All-Time Albums: #27


SCRITTI POLITTI Cupid & Psyche 85

1 The Word Girl 4:24 (UK single, #6)
2 Small Talk 3:39
Absolute 4:25 (UK single, #17)
4 A Little Knowledge 5:01
Don’t Work That Hard 3:59
6 Perfect Way 4:43 (UK single, #48)
7 Lover To Fall 4:12
Wood Beez (Pray Like Aretha Franklin) 4:48 (UK single, #10)
9 Hypnotize 3:34 (UK single, #68)

Let’s see how long I can last without mentioning sweetness…or chocolate…or Arif Mardin. Oops.

One wonders how things might have turned out had Green/Virgin records procrastinated much longer and Cupid & Psyche not been released just before Live Aid in the summer of 1985. That June saw some other pretty seminal, intelligent pop albums also emerge; Prefab Sprout’s Steve McQueen and Talking Heads’ Little Creatures chief amongst them. Scritti got their chart moment in the sun, with a Top 5 debut, but post-Live Aid, and no doubt due to 4 singles having already been taken from it, sales dropped off quite rapidly. Not even a nifty single remix of Perfect Way could crack the Top 40 (it did, however, take them to the brink of the US Top 10 a few months later).

The album era effectively lasted about 18 months, from when Wood Beez entered the Top 100 in March 1984 to the dying embers of Perfect way’s doomed residency in the lower reaches of the Top 75. At a time when most campaigns were trailed by only one, or maybe two, singles, and acts would issue new albums every year or so, the regular 3-year gaps between Scritti records made them stand out from the majority of the pop crowd.

It’s true that arguably the trio of finest songs were the ones produced by Arif Mardin, and for all the endeavours of David Gamson, Fred Maher and Green to bring the rest of the album up to the same lofty standards you can hear the difference, but even so the quality never drops. The sequencing is a bit off, to these ears, as Hypnotize makes for an odd closing track and Wood Beez gets buried towards the end of Side 2 instead of being the main attraction.

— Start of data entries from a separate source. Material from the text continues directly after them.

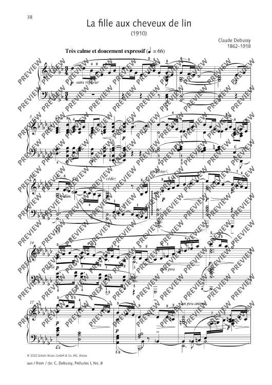 Digital Sheet Music for La Fille aux cheveux de lin by Claude Debussy scored for Piano; id:486607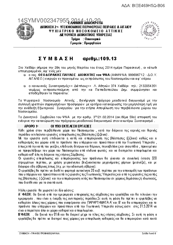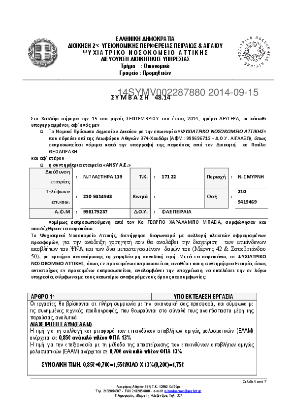 9. 11.14 ΣΥΜΒΑΣΗ_ΕΝΟΡΑΣΙΣ ΑΕ_ΠΡΟΜΗΘΕΙΑ ΥΓΕΙΟΝΟΜΙΚΟΥ ΥΛΙΚΟΥ ΓΙΑ ΕΝΑ ΕΤΟΣ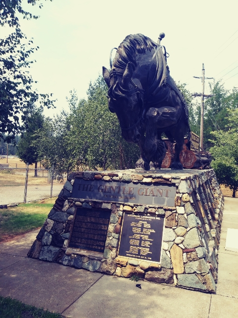The 'Gentle Giant' is a nod to the area's resource rich history; mostly timber and gold mining. When the transcontinental railroad came through agriculture blossomed with access to larger markets. It remains an important part of the economy today.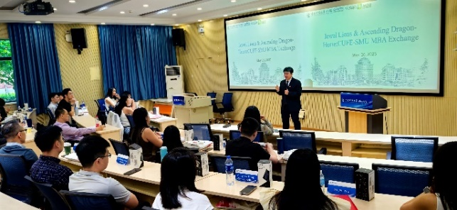 2025年5月26日-5月30日,新加坡管理大学(SMU)李光前beat365亚洲体育MBA员工团队,在研究生办公室主任Yeo LayYan老师的带领下,来自11个国家的29名新加坡管理大学MBA在校员工,跨越重洋抵达体育365官网,开启了为期一周的主题“数字经济及战略与创新”为核心议题的跨国学术交流活动。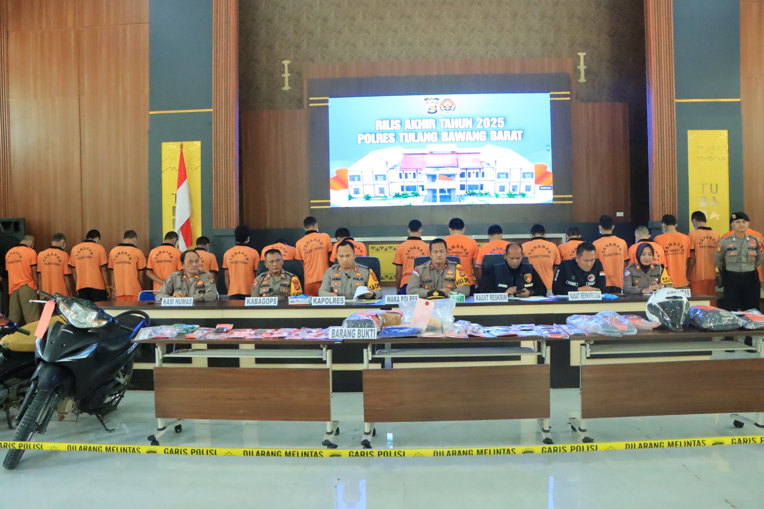 *Tulang Bawang Barat*—-Polres Tulang Bawang Barat Polda Lampung Menggelar Rilis Akhir Tahun 2025 yang disampaikan langsung oleh Kapolres Tulang Bawang Barat AKBP Sendi Antoni, S.I.K., M.IK. dengan didampingi oleh Waka Polres, Kabag Ops, Kasat Reskrim, Kasat Narkoba, Kasat Lantas, Kasat Tahti, Kasi Propam, Kasi humas dan Para Kapolsek Jajaran Polres Tubaba, bertempat di Aula Sarja Arya Racana Pores Tulang Bawang Barat, Rabu (31/12/2025).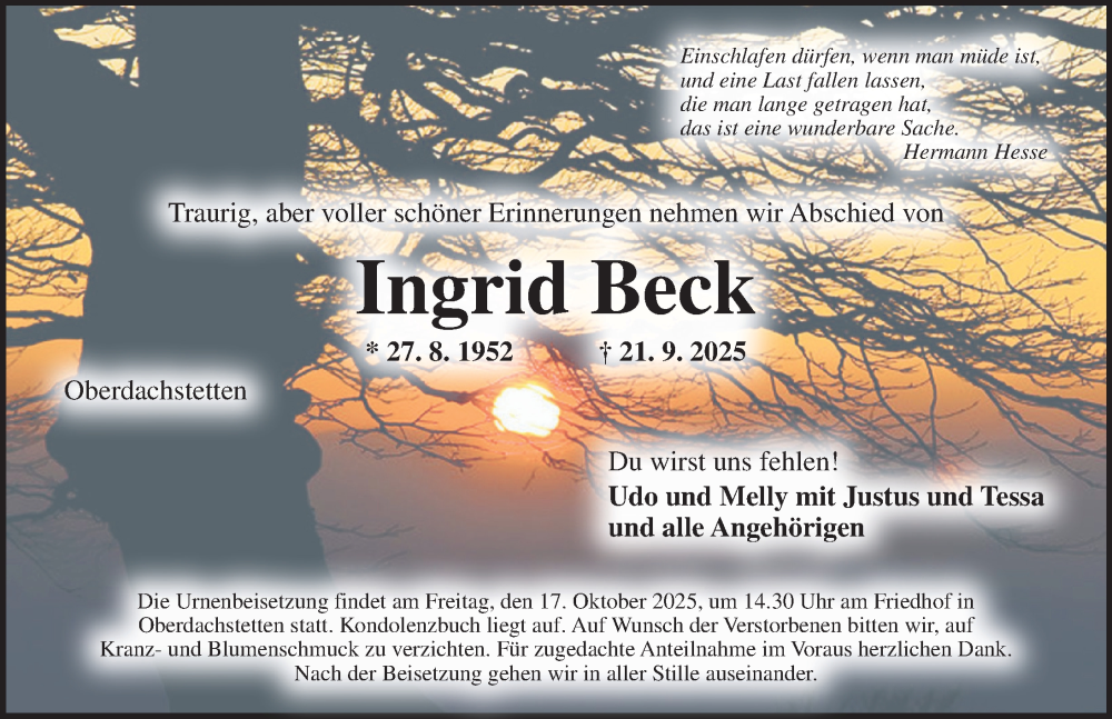 Hier finden Sie alle Traueranzeigen aus der Zeitung, die bisher für Ingrid Beck erschienen sind. Weitere Traueranzeigen, die in der Zeitung erscheinen, werden hier ebenfalls aufgelistet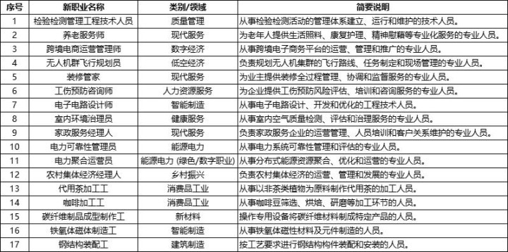 人社部在2025年7月发布的第七批新职业,共包括17个新职业和42个新工种,这17个新职业中大部分都是技能类。

Essentially, what Scritti Politti represented was something very unique in a variety of ways; Green’s helium-candy vocals, the articulate and ever-so-slightly pretentious lyrical conceits and unashamed wordplay, the stunning sleeve artwork for every single and the album itself; they had an identity which stood apart from the rest and yet they fitted seamlessly into the Smash Hits world.

At least, they did before everything became about authenticity, good causes and whether you could work a stadium crowd or not.